– Что за идиотизм! Просто глупость неимоверная! Когда это было, чтобы на каторге в случае мятежа те, кто в нем не участвовал и вообще с места не сдвинулся, отвечал за виновных?! Все происходит как раз наоборот! Умники и послушные получают благодарности от власть имущих!
– Господа! Господа! Дайте мне сказать! Я давно прошу слова! – взывал Никита Муравьев.
Он взобрался на стол, и воцарилась тишина. Лицо Никиты было бледным, вдохновенным, руки его дрожали, словно в приступе лихорадки.

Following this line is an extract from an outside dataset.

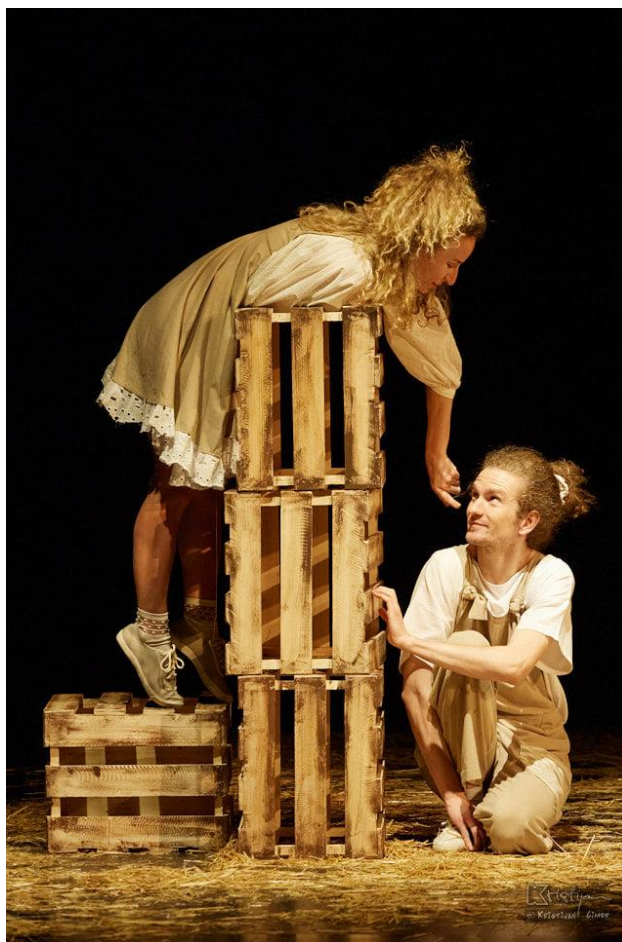
Slika XVI. fotografija s izvedbe predstave Bijeli klaun; Dječak i Gita

– Хочу вам сказать вот что, – запинаясь, начал Муравьев. – Я, как вы знаете, женат, и женат счастливо. Но я считаю неправильным и недостойным отговаривать одиноких бежать с каторги под тем предлогом, что их побег может усугубить чье-то положение, что кого-то за это накажут! Все те, у кого, как и у меня, жены сейчас рядом, должны согласиться, что они счастливчики по сравнению с остальными. И мы меньше, чем кто-либо, имеем право жаловаться на судьбу! Сожалею, князь, о сказанном вами…

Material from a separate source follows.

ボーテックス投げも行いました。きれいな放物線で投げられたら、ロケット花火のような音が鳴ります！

– Браво! – завопил Якубович.
Вокруг зааплодировали, затопали ногами, отчего цепи зазвенели особенно громко.
– Меня вам не переубедить, – вздохнул Трубецкой. – Кстати, если бы я не был среди женатых «любимцев судьбы», я точно так же кричал бы: «Опомнитесь, сорвиголовы вы этакие!»
– Вы нам уже кричали это 13 декабря 25-го года! – с вызовом произнес Юрий Алмазов.
Князь отпрянул, побледнел от сдерживаемой ярости.
– Если бы вы послушались меня 13 декабря 25-го, – тихо сказал он, – может быть, сейчас мы говорили бы не здесь…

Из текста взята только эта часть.